# Meaning of degeneracy in Quantum Mechanics

We mean the second option. For the same eigenvalue $a_i$, there are multiple

*linearly independent*eigenvectors $\psi_{ij}$ where $j$ denotes the degeneracy. When you measure something, if there are multiple linearly independent states giving the same measurement value, those states are degenerate.Also note that the same eigenstate cannot have multiple eigenvalues. It is unique for a given state. Suppose that $A \psi_i = a_i \psi_i$ and $A \psi_i = a_i' \psi_i$. Then $a_i \psi_i − a_i' \psi_i = 0 $, which implies that at least one of $a_i - a_i'$ or $\psi_i$ is equal to zero. Eigenvectors are nonzero by definition, so it must be the case that $a_i=a_i'$.

Operators are linear transformations acting on the Hilbert space. The transformations usually involve stretching, squeezing and rotations. The vectors which still remain on their span after the transformations are the eigenvectors for that operation. In other words, the eigenvectors will stay in the same direction even after applying the operator, although they might be squeezed or stretched. The value by which they stretch (a number > $|1|$) or squeeze (a number < $|1|$) is their eigenvalue.
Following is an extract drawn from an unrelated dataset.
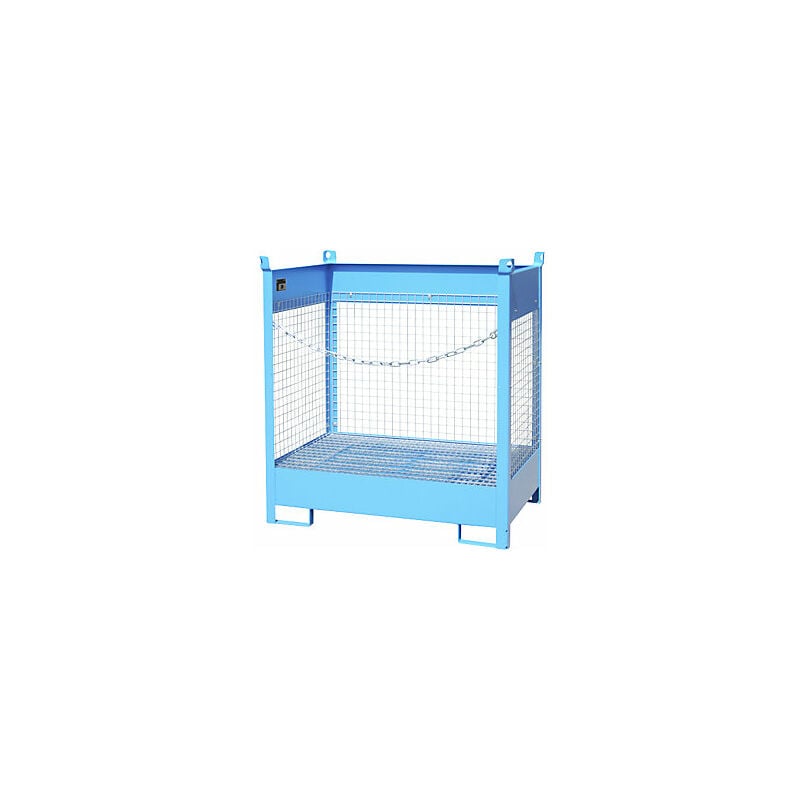 Palette con vasca di raccolta per trasporto e magazzinaggio, 3 pareti a griglia, per 2 fusti da 200 l, blu. Fornitura = montato. Versione griglia = con griglia zincata. Capacità fusti = 2x200 l. Capacità di raccolta = 210 l. Lunghezza = 910 mm. Larghezza = 1400 mm. Altezza = 1495 mm. Materiale = lamiera d'acciaio. Superficie = verniciatura. Colore = blu chiaro RAL 5012. Portata = 1000 kg/m². Altezza entrate forche = 100 mm. Marchio di collaudo = ÜHP secondo la direttiva StawaR. Spessore materiale = 3 mm. Per sostanze = liquidi infiammabili e inquinanti per le acque. Classi di pericolosità = per liquidi infiammabili delle categorie GHS 1 - 3 e per liquidi inquinanti per le acque delle categorie GHS 1 - 4. Caratteristiche = impilabile. Carico impilabile = 1824 kg. Pareti a griglia su 3 lati per proteggere il carico. Per il trasporto e il magazzinaggio a norma di legge di fusti per sostanze pericolose. Salvaspazio - Impilabili a gruppi di 3. Movimentazione ottimale grazie a occhielli per

It should be clear now, why we can't have multiple eigenvalues for a vector.

We mean (2) : for the same *eigenvalue* $a_i$ there are more than one *eigenfunction* $\psi_i$. In this case one needs an additional index to distinguish different eigenfunctions corresponding to the same eigenvalue:
$$\hat{A}\psi_{n\nu} = a_n\psi_{n\nu}.$$

From a more mathematical point of view, we say there is degeneracy when the *eigenspace* corresponding to a given eigenvalue is bigger than one-dimensional. Suppose we have the eigenvalue equation
$$
\hat A\psi_n = a_n\psi_n\;.
$$
Here $a_n$ is the eigenvalue, and $\psi_n$ is the eigenfunction corresponding to this eigenvalue. But this eigenfunction is of course not uniquely defined: any multiple of $\psi_n$ also satisfies the eigenvalue equation, $\hat A(\lambda\psi_n) = \lambda \hat A\psi_n = \lambda a_n\psi_n = a_n(\lambda\psi_n)$ by linearity. Thus we talk about *eigenspace* belonging to given eigenvalue $a_n$. This eigenspace may be one-dimensional, i.e. every eigenstate must be proportional to $\psi_n$. In this case there is no degeneracy. But is is possible that this eigenspace has dimension higher than 1. For example this eigenspace may be two-dimensional, which means there are two **linearly independent functions**, say $\psi_{n1}$ and $\psi_{n2}$, which are both eigenfunctions of $\hat A$ with eigenvalue $a_n$:
$$
\hat A\psi_{n1} = a_n \psi_{n1}\;,\quad\hat A\psi_{n2} = a_n \psi_{n2}\;.
$$
Then every linear combination of the form $\alpha\psi_{n1} + \beta\psi_{n2}$ is also an eigenstate of $\hat A$ with eigenvalue $a_n$. That is, the eigenspace corresponding to eigenvalue $a_n$ has dimension 2. In this case we say there is (double) degeneracy.